EPEpsilon Data Management
Senior Associate Technology L1
Bangalore ₹2-5 LPA Posted 3 Jun 2025
FULL TIME
Etl
Pyspark
Databricks
Python
Job Description
Key Responsibilities
As a PySpark Data Engineer, you will:
- Design and develop scalable PySpark data pipelines to ensure efficient processing of large datasets, enabling faster insights and business decision-making.
- Leverage Databricks notebooks for collaborative data engineering and analytics, improving team productivity and reducing development cycle times.
- Write clean, modular, and reusable Python code to support data transformation and enrichment, ensuring maintainability and reducing technical debt.

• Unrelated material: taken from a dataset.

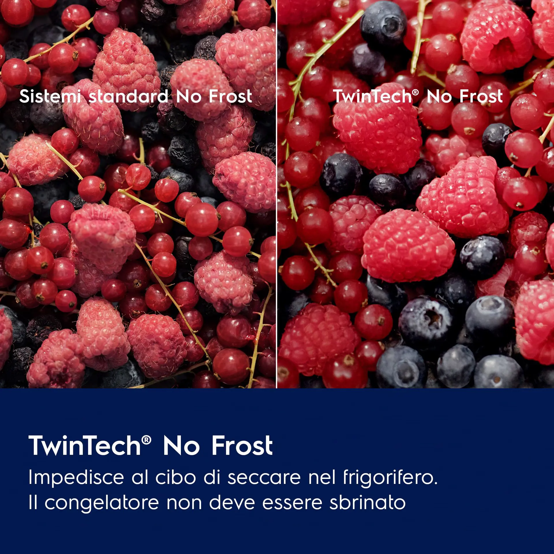TwinTech® Total No Frost è dotato di un avanzato sistema di raffreddamento doppio per il frigorifero e il congelatore. Questa tecnologia garantisce che il congelatore rimanga al riparo dal gelo e che l'umidità del frigorifero sia ottimale, evitando che gli alimenti si secchino.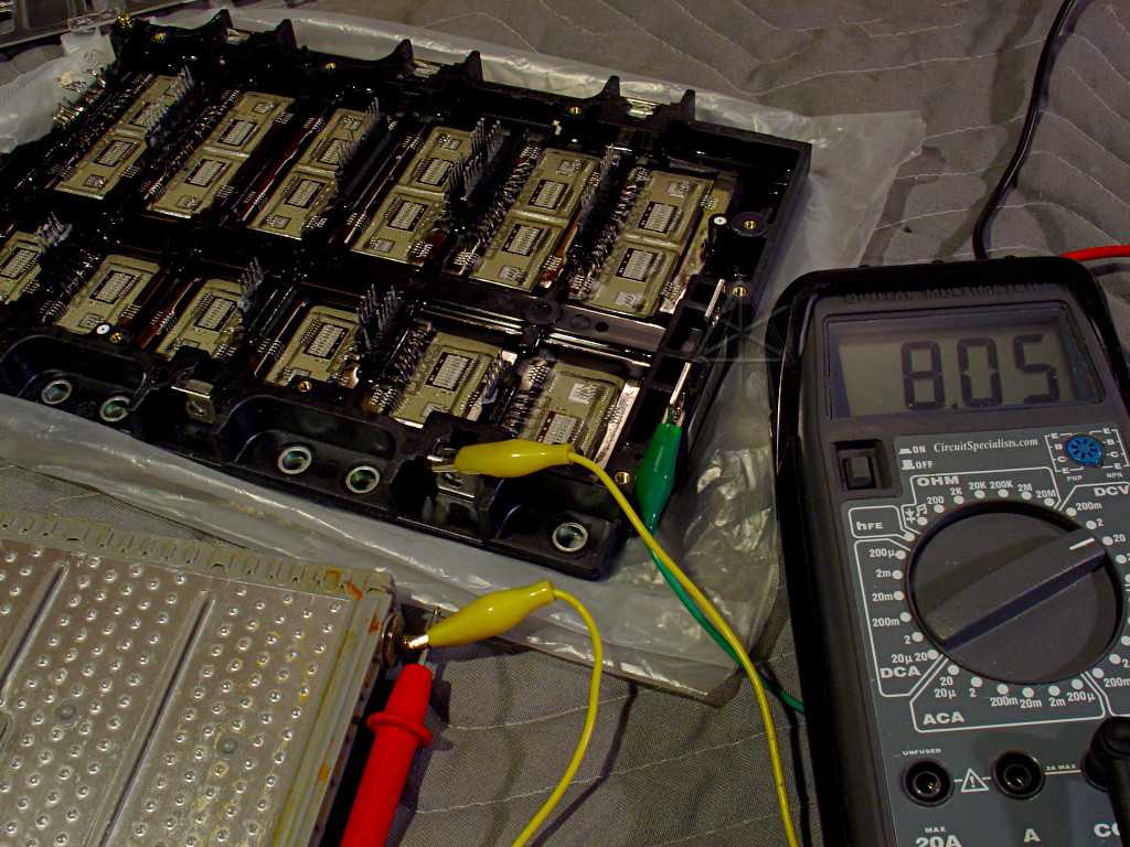 and by removing the pin-probe to the gate, I can cause the voltage to just freeze right where it is. It just holds there -- doesn't drift up or down for a very long time, until the charge is given a path to dissipate by touching the gate again. Just like a FET should, of course, and the leakage exhibited here is small to nonexistent. Forward voltages appear to be fairly normal -- diodes and saturated transistors at 0.6V when non-trivial currents [~120 mA] are passed through them. The forward voltage of the entire rack's worth of diodes, taken at the supply inputs, reads 0.95 under the same conditions. You can guess what would happen if this were hooked up to the 200V battery as ORNL had it labeled! Playing with higher voltages and currents through the rack will wait until some later phase of testing. The devices in the boost switch are similar, although its diodes appear to have a lower forward voltage of 0.5. Obviously, the lower the better.

- Implement data quality checks and validation logic within ETL workflows to ensure trusted data is delivered for downstream analytics and reporting.
- Optimize Spark jobs for performance and cost-efficiency by tuning partitions, caching strategies, and cluster configurations, resulting in reduced compute costs.
Qualifications: Your Skills & Experience
- Solid understanding of Python programming fundamentals, especially in building modular, efficient, and testable code for data processing.
- Familiarity with libraries like pandas, NumPy, and SQLAlchemy (for lightweight transformations or metadata management).
- Proficient in writing and optimizing PySpark code for large-scale distributed data processing.
- Deep knowledge of Spark internals, partitioning, shuffling, lazy evaluation, and performance tuning.
- Comfortable using Databricks notebooks, clusters, and Delta Lake.
Set Yourself Apart With
- Familiarity with cloud-native services like AWS S3, EMR, Glue, Lambda, or Azure Data Factory.
- Experience deploying or integrating pipelines within a cloud environment adds flexibility and scalability.
- Experience with tools like Great Expectations or custom-built validation logic to ensure data trustworthiness.